Out at the prisoner-of-war camp, a dusty wind blew grit and rattled the thin walls of the prefabricated shelters. He had originally assigned three hundred well-armed guards to monitor the camp—partly to protect the prisoners from any stupid ideas of escaping out into the perilous Hellhole wilderness—but Sophie demanded twice as many. Bitterness flowed like acid in her voice. “Just to be sure, Tiber. And I’m giving them orders to shoot to kill, if any of those bastards cause trouble.”

He saw the depth of pain on her face and knew how hard she was trying just to make it through each day. So he gave her the six hundred troops without argument, reassigning them from other duties. He had sent all but ten of his own DZ Defense Force warships to help with the Candela evacuation, so he had plenty of active-duty personnel available on the ground.

*   *   *

When he arrived at the camp, many of the prisoners were outside, sitting listlessly in the afternoon air. Others slept inside shelters, recovering from their own ordeal of living for two months on the edge of starvation; they were only just learning the truth that many of their comrades had been sacrificed in order to keep the rest alive for just a few more days. Now that they were well fed, getting good medical care, and were at least temporarily safe, they cooperated.
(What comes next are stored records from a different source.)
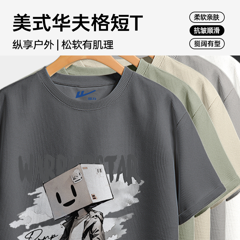 回力美式潮牌男士华夫格重磅短袖T恤夏季宽松大码圆领百搭半袖潮S
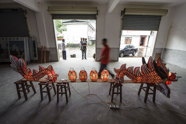 6月7日拍摄的在彭坊村村委会展示的当地非物质文化遗产代表作──刻纸龙灯。
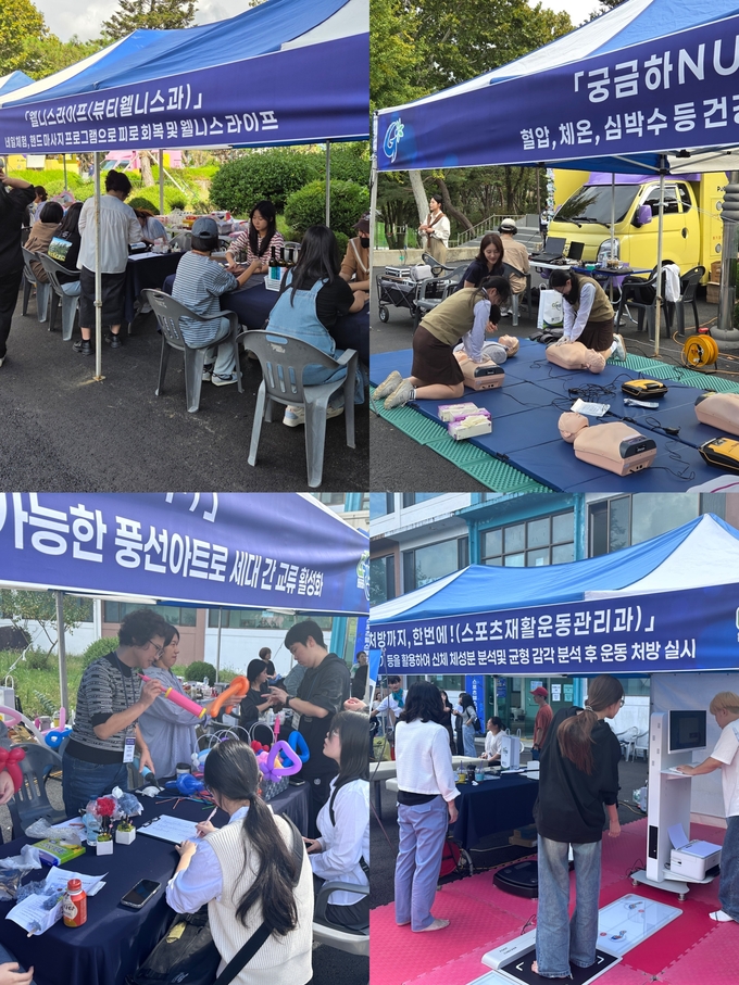 각 학과는 전공특성을 살린 체험 부스를 운영해 지역민과 재학생들에게 다양한 항노화 프로그램을 제공했다. 간호학과는 혈압, 심박수 등 건강지표 측정과 심폐소생술 실습을 통해 응급상황에 대한 역량을 높였으며, 뷰티웰니스과는 네일아트 및 핸드 마사지 프로그램으로 웰니스 라이프를 체험할 수 있도록 했다. 스포츠재활운동관리과는 인바디, 스트레스 진단기 등을 활용해 신체 분석 후 맞춤형 운동 처방을 진행 했고, 사회복지보육학부는 스칸디아모스 공예와 풍선아트 프로그램으로 가족 단위 참여자들의 심리적 안정과 세대 간 소통을 도왔다.

Most of them had surrendered quickly and voluntarily; very few had been forced into submission. Every one of the prisoners had pledged an oath of nonviolence, accepting the terms of surrender. Adolphus had not asked them to promise loyalty, because that surely would have been a lie in most cases.

Desperate people would promise anything when they were starving and near death. Given a week of full bellies and calm, Adolphus knew some would reconsider their promises to him, and he took precautions.

Sophie met him outside the fence. Wind whipped the hair around her face. Dust grains stung her eyes, but her cheeks remained dry. Sophie Vence was not a woman to shed tears easily; she had cried for her son, then bottled the rest up inside, sealing her emotions with anger toward the Constellation invaders. Adolphus knew she wasn’t finished grieving yet, although she pretended to be strong near him.

“Every hour, Tiber, I can barely stop myself from marching into the camp’s headquarters tent to tear Escobar Hallholme apart for allowing what happened.”

“Do you think it would do any good?”

Sophie still looked beautiful, but all the softness and humor had drained from her face. “I doubt it. After that treachery, he should at least have the decency to be ashamed, or express regret.” She shook her head and looked away. “I wanted to do so much for Devon. I brought him to this planet when he was just a boy, and this was supposed to be his bright chance, his whole future. Then he lost himself to the slickwater, and now he’s—”

Adolphus tried to console her. “You heard what he said, over and over. Because of the Xayans, he had a richer life with the Birzh presence than if he had lived a hundred lifetimes without him.”

She finally allowed herself a wan smile. “Yes, he told me that more than once. He wouldn’t have traded the experience for anything.”